Department of Environmental Science and Technology, Cyprus University of Technology, 3603 Lemesos, Cyprus.
Chemical and Environmental Science Department and Materials & Surface Science Institute, University of Limerick, Limerick, Ireland.
J Biol Chem. 2011 Sep 2;286(35):30600-30605. doi: 10.1074/jbc.M111.252213. Epub 2011 Jul 12.

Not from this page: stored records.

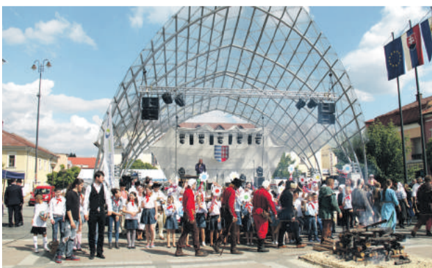
Z minuloročných Dní mesta Brezna.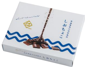
「しおちょこ」 株式会社 Ante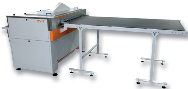
OPTIONAL: LGF INLET MOTORIZED CONVEYOR AND ST SLOPING OUTLET TABLE

Sehr stabil und umweltfreundlich • Gefertigt aus Edelstahl • Entworfen für einfache und schnelle Wartung • Reinigung aller Druckfarben über rotierende und changierende Bürsten: zwei oder drei Abhängigkeit von den Formen • Erhebliche Zeitersparnis in Übereinstimmung mit den Sicherheitsvorschriften für Personal und Umwelt durch Automatisierung des Reinigungsprozesses der Flexo-Druckplatten • Heiz- und Filtersystem für den Reiniger für zusätzliche Reinigungswirkung sowie erhöhte Chemiestandzeit • Geschlossener Kreislauf zur Filtrierung des Spülwassers für weniger Verschmutzung und Wassereinsparung • Alle Parameter sind über ein digitales Kontrollpanel verstellbar • Einlaufstisch und Auslauf-Aufnahmekorb • Optional: motorisierte Einlauf-Fördervorrichtung LGF sowie schräger Auslaufstisch ST • Auch als "S" Version für den Einsatz mit einem Lösungsmittel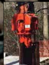
Empujadores de tablestacas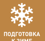
ПОДГОТОВКА К ЗИМЕ

Костанайское эксплуатационное отделение грузоперевозок на все 100% завершило подготовку к зиме.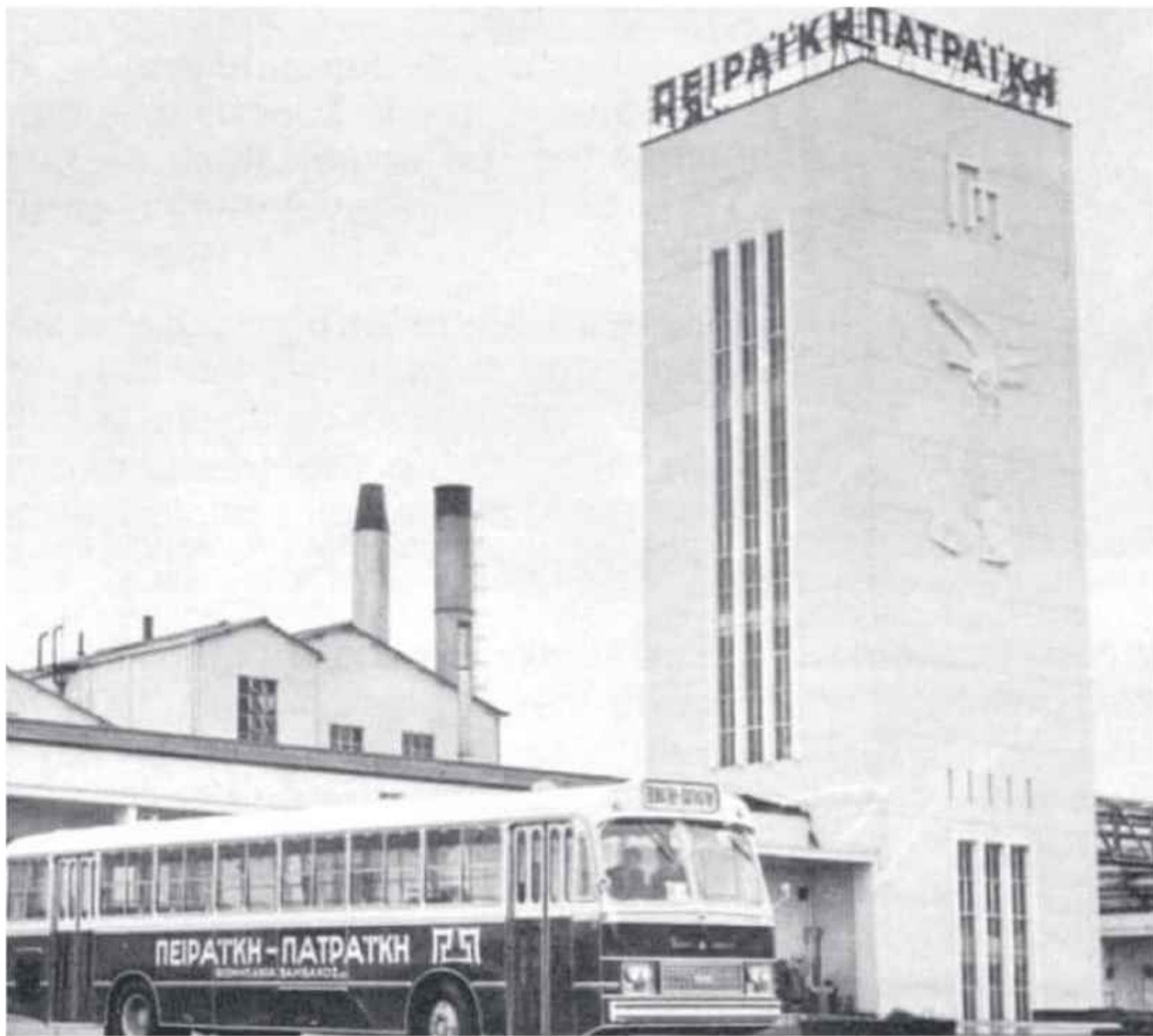
☛ Το λεωφορείο μεταφοράς εργατών έξω από την «Π-Π» κάπου στα '70ς (Bus oldtimers and rebuilders)

Δυστυχώς τα «κουρέλια» δεν τραγουδάνε ακόμα ή εν πάση περιπτώσει θα ξανατραγουδήσουν εάν κι εφόσον ολοκληρωθεί η μετατροπή του «κουφαριού» της «Π-Π» σε σύγχρονο διαμετακομιστικό κέντρο από τον ΟΛΠΑ, στον οποίο και ανήκει εδώ και πολλά χρόνια.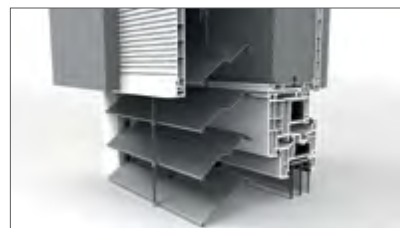
Lamellen der Raffstores in „Z“-Form, die nach dem Schließen des Raffstores einen dichten Panzer bilden (Widerstand gegen das Eindringen von Sonnenlicht)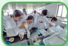
學生在大學實驗室進行實驗

2017年7月9日至15日，10位中四學生前往上海華東理工大學參與由國家教育局主辦的高校科學營。7天的活動除有機會與中國內地優秀學生交流學習外，亦可了解內地的科技發展，並在大學實驗室做實驗，學習使用尖端的科學儀器。

Elucidating the properties of the heme Fe-Cu(B) binuclear center and the dynamics of the protein response in cytochrome c oxidase is crucial to understanding not only the dioxygen activation and bond cleavage by the enzyme but also the events related to the release of the produced water molecules. The time-resolved step-scan FTIR difference spectra show the ν(7a)(CO) of the protonated form of Tyr residues at 1247 cm(-1) and that of the deprotonated form at 1301 cm(-1). By monitoring the intensity changes of the 1247 and 1301 cm(-1) modes as a function of pH, we measured a pK(a) of 7.8 for the observed tyrosine. The FTIR spectral changes associated with the tyrosine do not belong to Tyr-237 but are attributed to the highly conserved in heme-copper oxidases Tyr-136 and/or Tyr-133 residue (Koutsoupakis, K., Stavrakis, S., Pinakoulaki, E., Soulimane, T., and Varotsis, C. (2002) J. Biol. Chem. 277, 32860-32866). The oxygenation of CO by the mixed-valence form of the enzyme revealed the formation of the ∼607 nm P (Fe(IV)=O) species in the pH 6-9 range and the return to the oxidized form without the formation of the 580 nm F form. The data indicate that Tyr-237 is not involved in the proton transfer pathway in the oxygenation of CO by the mixed-valence form of the enzyme. The implication of these results with respect to the role of Tyr-136 and Tyr-133 in proton transfer/gating along with heme a(3) ring D propionate-H(2)O-ring A propionate-Asp-372 site to the exit/output proton channel (H(2)O pool) is discussed.
阐明血红素 Fe-Cu(B)双核中心的性质和细胞色素 c 氧化酶中蛋白质的反应动力学,不仅对于理解酶对氧气的活化和键断裂至关重要,而且对于与产生水分子释放相关的事件也至关重要。时间分辨分步扫描傅里叶变换红外差谱显示,质子化形式的 Tyr 残基的 ν(7a)(CO)在 1247 cm(-1),去质子化形式在 1301 cm(-1)。通过监测 1247 和 1301 cm(-1)模式的强度变化作为 pH 的函数,我们测量了观察到的酪氨酸的 pK(a)为 7.8。与酪氨酸相关的 FTIR 光谱变化不属于 Tyr-237,而是归因于血红素铜氧化酶中高度保守的 Tyr-136 和/或 Tyr-133 残基(Koutsoupakis,K.,Stavrakis,S.,Pinakoulaki,E.,Soulimane,T.,和 Varotsis,C.(2002)J. Biol. Chem. 277,32860-32866)。混合价态形式的酶对 CO 的氧化揭示了在 pH 6-9 范围内形成了约 607nm P(Fe(IV)=O)物种,并且在没有形成 580nm F 形式的情况下回到氧化形式。数据表明,Tyr-237 不参与混合价态形式的酶对 CO 氧化的质子转移途径。这些结果对于 Tyr-136 和 Tyr-133 在质子转移/门控中的作用以及血红素 a(3)环 D 丙酸酯-H(2)O 环 A 丙酸酯-Asp-372 位点到出口/输出质子通道(H(2)O 池)的影响进行了讨论。